Little Fish calms stubborn seafood cravings.
Oh me, oh mahi: Little Fish's pan-seared mahi-mahi will warm you up and keep you going when the temperature drops (photo by michael persico).
This is the time of year I start dreaming about summer, and with it, seafood. Don't our be-finned friends just seem to taste better with the sun on your neck and a crisp, brash pilsner in hand? Unfortunately, those perfect, sand-in-your-toes-but-not-in-the-steamers seafood moments remain in storage, but a recent visit to Queen Village's Little Fish proves that even in the single digits seafood can be delightful.
The mahi-mahi, pan-seared and posed over silky sweet potato puree and an aurora of madras curry, proved as valuable in Fridgidelphia as all-weather tires.

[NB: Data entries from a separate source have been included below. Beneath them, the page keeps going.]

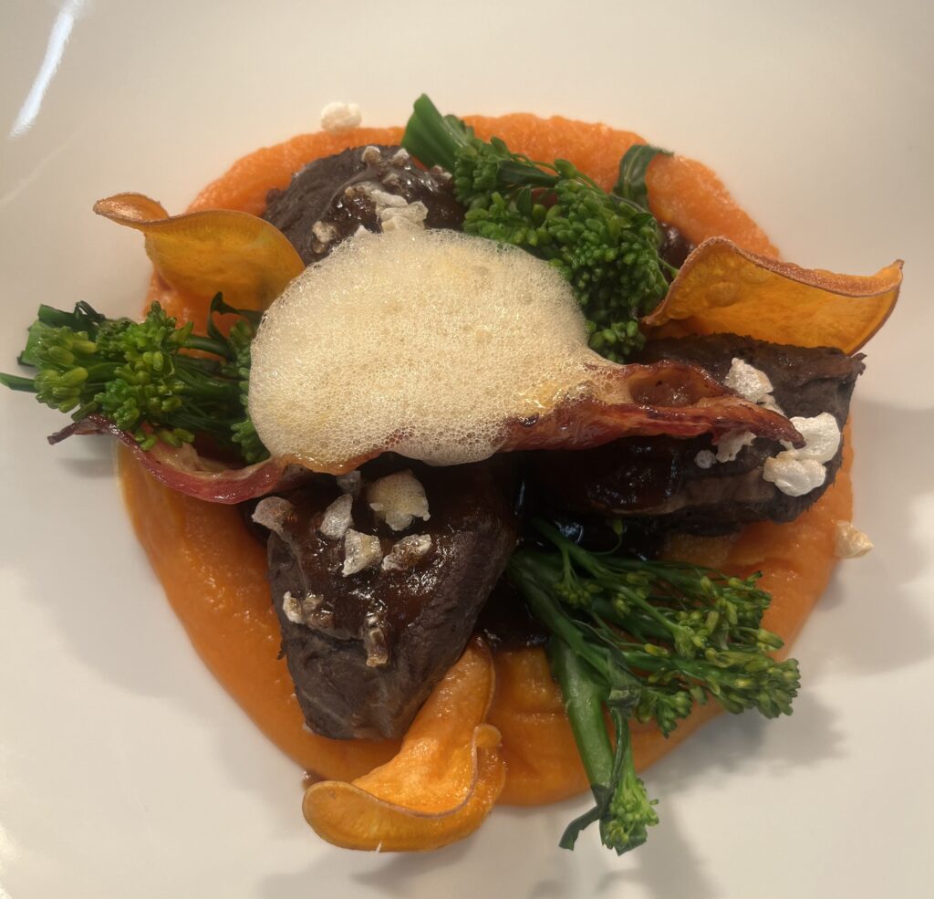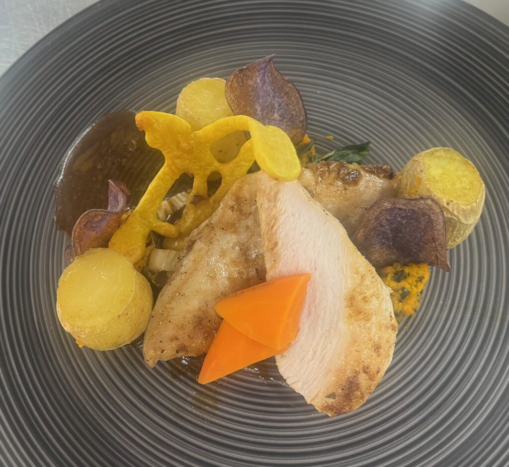 - Beilage: Estragonschaum, Karottenpüree, confierte Mini-Karotten.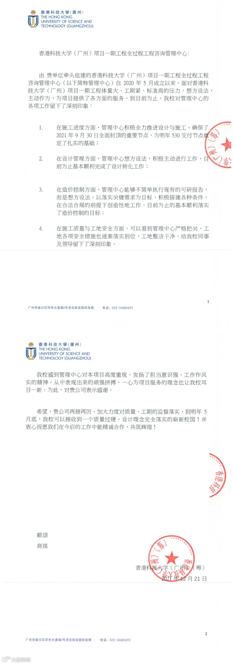 信中对公司牵头组建的香港科技大学(广州)项目一期工程全过程工程咨询管理中心,在设计管理、造价控制、施工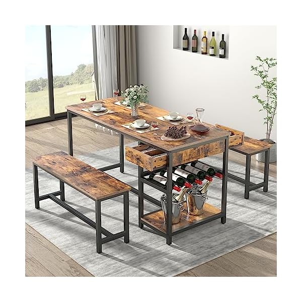 - STIKELY Dining Table Set for 4-6 People, 3 Pieces Kitchen Dinner Table Set with 2 Drawers & Long Benches, Dining Room Table with Wine Rack & Glass Holder and Storage Shelf for Home Kitchen Use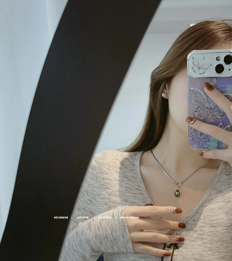 Tahitian Seawater Black Pearl Pendant Necklace For Women Girls Real 925 Silver High Quality Unique Jewelry Gifts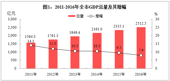 初步核算,全市完成地区生产总值2512.5亿元,比上年增长7.9%,高于全国平均水平1.2个百分点,与全省平均水平持平。其中,第一产业增加值197.2亿元,增长3.5%;第二产业增加值1363.5亿元,增长6.7%,其中,工业增加值1197.4亿元,增长6.7%;第三产业增加值951.8亿元,增长10.7%。按年末常住人口计算,人均地区生产总值62681元,增长7.1%。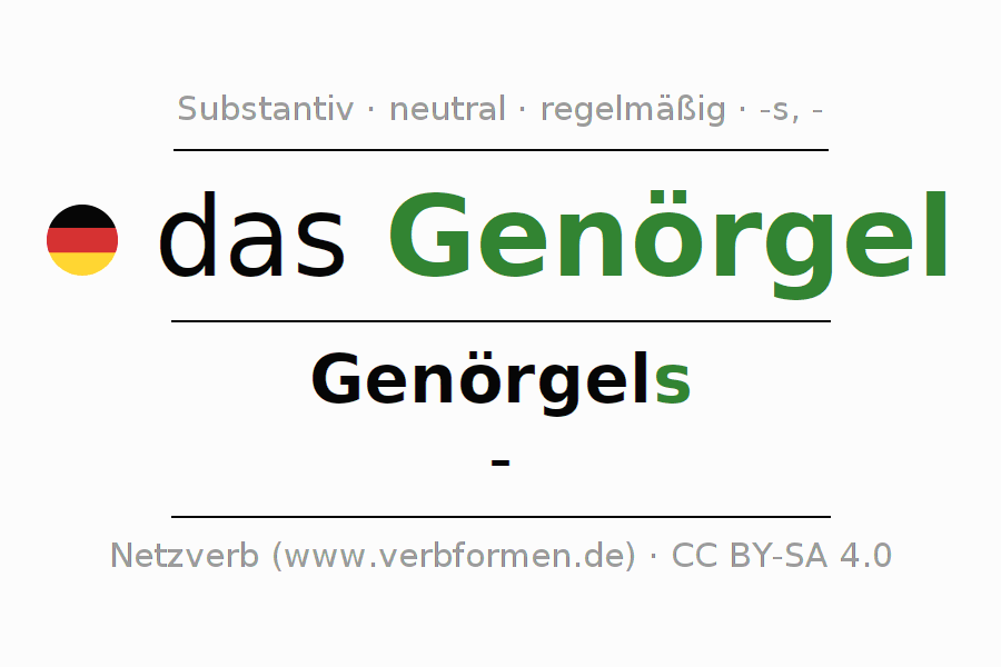 Die Deklination des Substantivs Genörgel ist im Singular Genitiv Genörgels und im Plural Nominativ -. Das Nomen Genörgel wird stark mit den Deklinationsendungen s/- dekliniert. Es bildet keine Pluralformen. Das Genus bzw. grammatische Geschlecht von Genörgel ist Neutral und der bestimmte Artikel ist "das". Man kann hier nicht nur Genörgel deklinieren, sondern alle deutschen Substantive. Kommentare ☆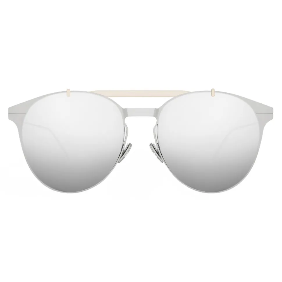 “DiorMotion1” sunglasses with a revised pilot shape. The silver mirror lenses are joined by a double bridge in gilded metal, fixed to the front metal gun with two clips. The gun metal temples reveal the emblematic guilloché motif of the Maison.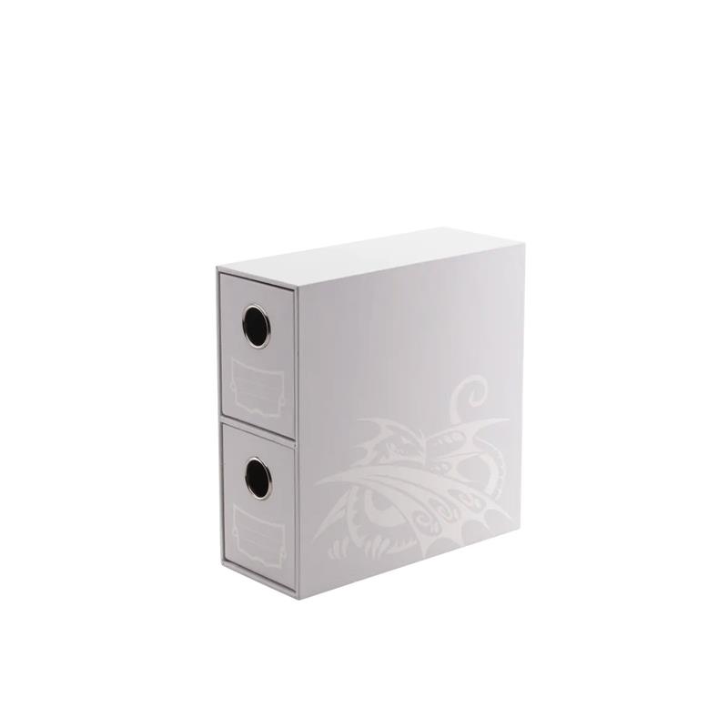 Fortress Card Drawers measure 86×215×212mm and each drawer has an inner dimension of 71x96x193mm. Fortress is made of rigid cardboard and coated with a scratch-minimizing surface.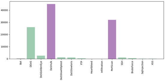 Having the dataset at hand, we have classified it in Table 1. The 15 tags (labels) for each traffic class category are presented. The ‘benign’ class represents regular, non-threatening traffic, while the other classes signify various types of malicious activities. Additionally, a separate class called ‘malign’ has been created, encompassing all malicious activities captured.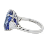 The ring is centrally set with a vibrant blue cushion cut sapphire, which is securely four claw set. The sapphire is sided by two pear cut diamonds which beautifully highlight the vibrancy of the sapphire. The head of the ring leads to a solid platinum band.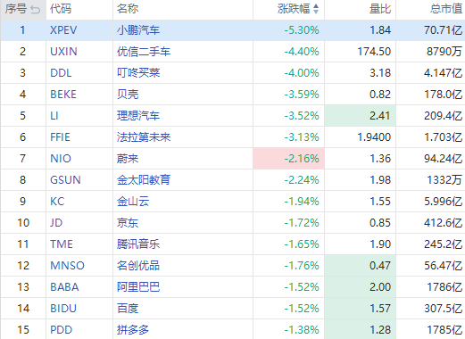 华盛资讯7月8日消息,美股早盘,热门中概股多数走低,截至发稿,小鹏汽车跌逾5%,优信二手车跌超4%,贝壳、理想汽车跌超3%,蔚来跌超2%,金山云、京东、阿里巴巴、百度、拼多多等跌超1%。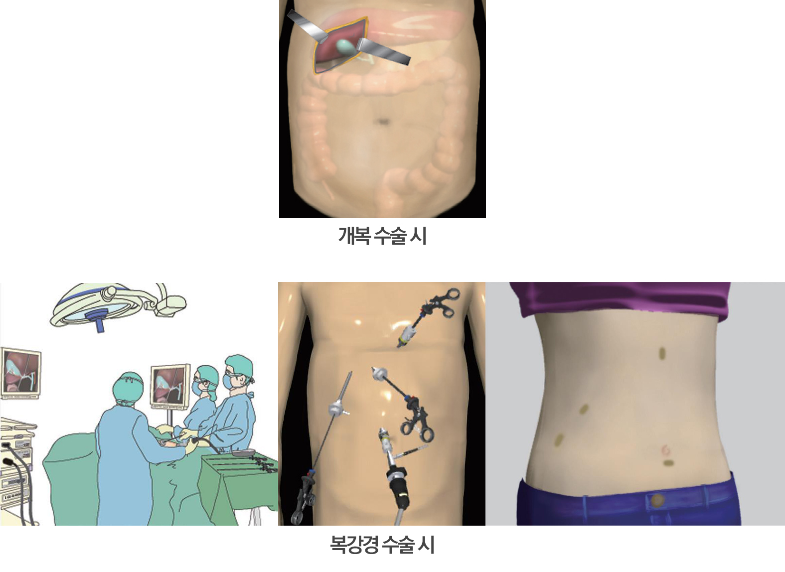 복강경 수술은 5~20cm 내외의 흉터를 남기는 개복 수술에 비해 보통 1곳 또는 3~4곳에 1cm 내외의 작은 구멍만 뚫으면 되기 때문에 흉터가 적고 수술 후 발생하는 통증도 적다.[2] 또한 개복 수술에 비해 균이 옮아 곪는 창상 감염과 같은 합병증의 위험이 덜하고, 빠른 회복 속도로 입원 기간이 짧아 일상생활로 빠르게 복귀할 수 있다는 장점이 있다. 국가가 건강보험을 운영하는 경우, 환자의 입원 기간이 짧아지면 국가의 재정 부담 또한 감소되는 효과가 있다.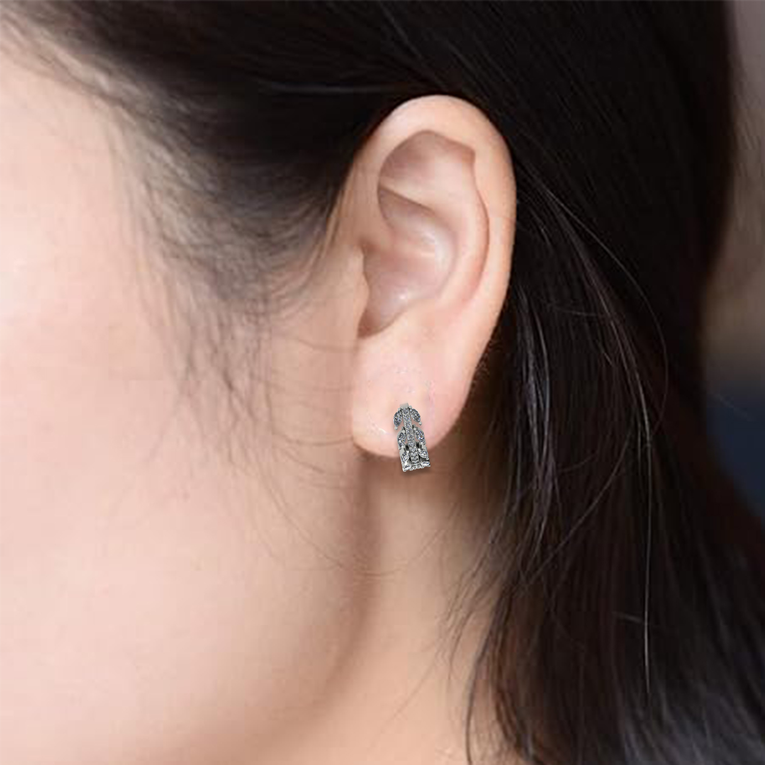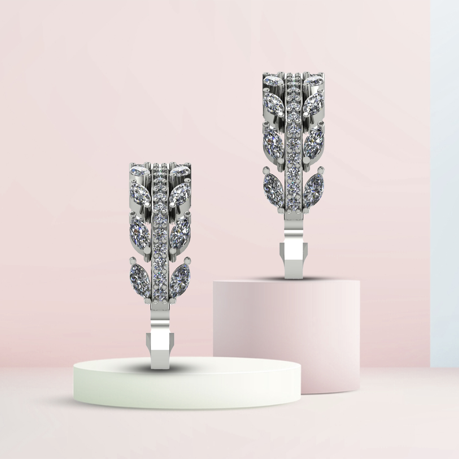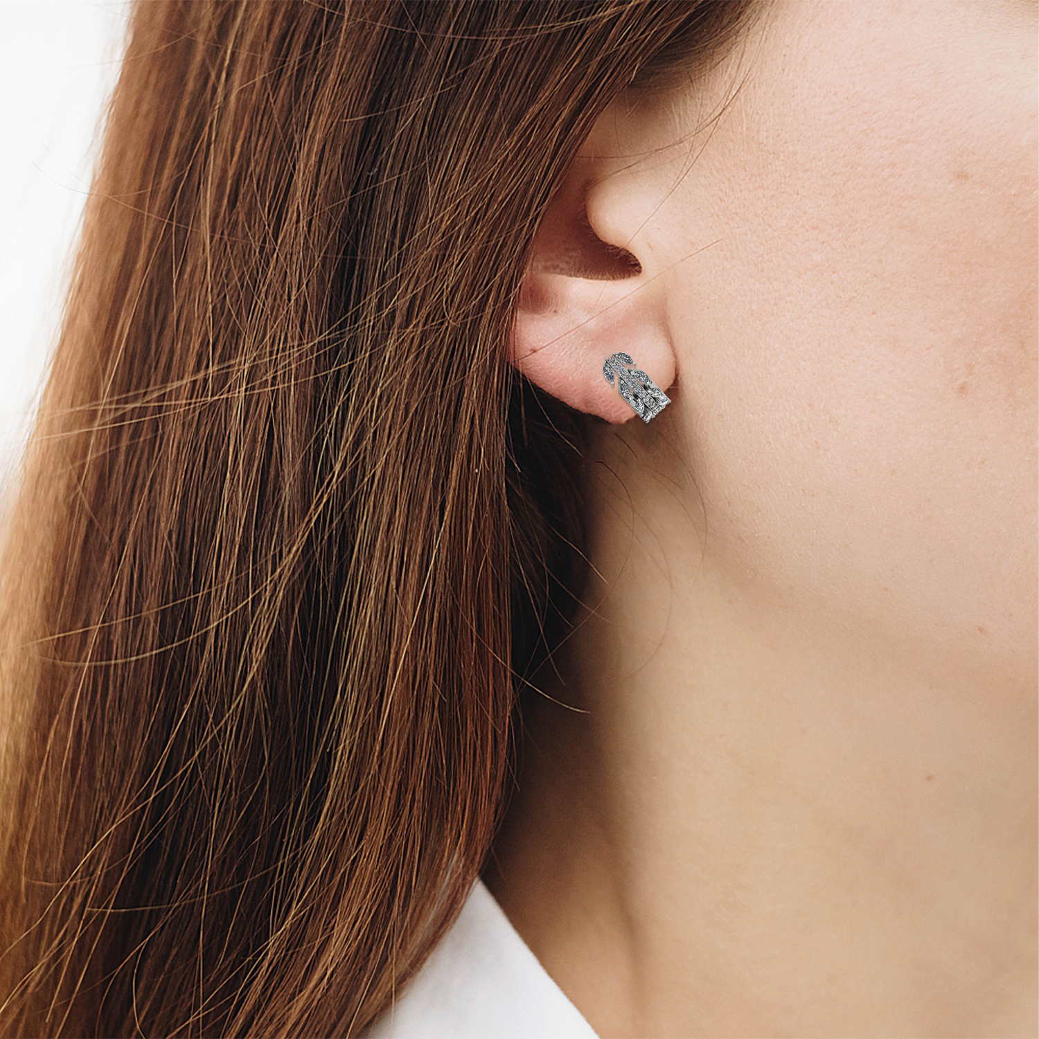 Make a statement with this exquisite leaf-inspired ear cuff by Meadows. Crafted in 925 sterling silver, it features a layered design adorned with sparkling marquise-cut and round cubic zirconia stones, creating a dazzling leaf motif. The intricate detailing and shimmering finish make it a perfect accessory for special occasions.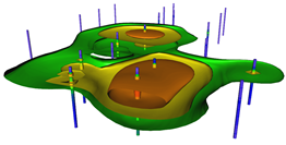 Modelos de dados com clareza impressionante em todas as dimensões. Com as extensas ferramentas de modelação 3D do Voxler, é fácil visualizar dados de múltiplos componentes para modelos geológicos e geofísicos, plumas de contaminação, nuvem de pontos LiDAR, modelos de poços ou modelos de depósitos de minério.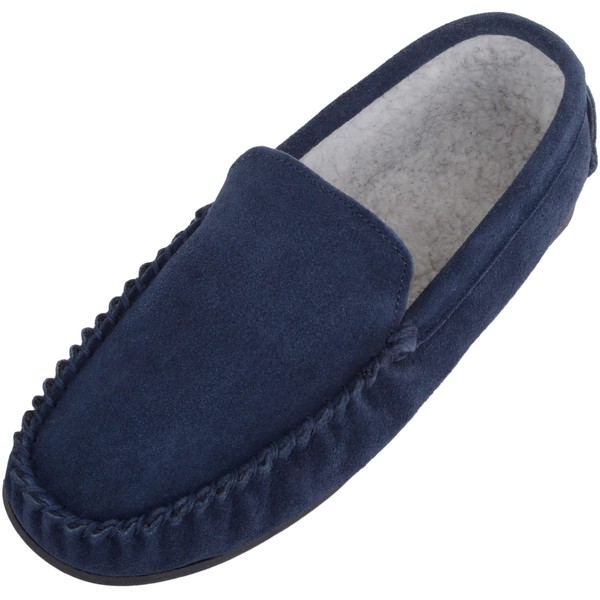 SNUGRUGS Mens Berber Fleece Lined Moccasin Slipper with Non-Slip Rubber Sole - Navy - UK 8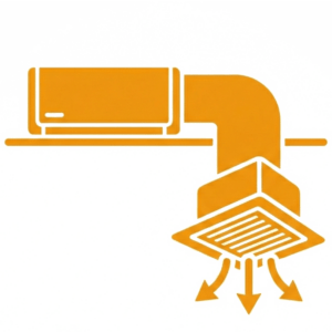 La solution « invisible » et haut de gamme. Le système est dissimulé dans les combles ou faux-plafonds ; seules des grilles de diffusion discrètes sont visibles. C’est le choix privilégié pour préserver le design intérieur et assurer un confort acoustique optimal.

Meaty and satisfying, it was cold-weather food in a deceptive package, those warm, fragrant currents of curry reigniting my inner pilot light.
This kind of creative, calendar-correct cooking is what recently landed Little Fish on Bon Appetit's black book of the country's top seafood spots. Congrats are in order to chef/owner Mike Stollenwerk--or curmudgeonly grumblings, since it's tougher than ever to score one of the matchbox-sized bistro's 22 seats. Reservations for Sunday nights, when Stollenwork offers a $28 five-course prix-fixe, book a month in advance.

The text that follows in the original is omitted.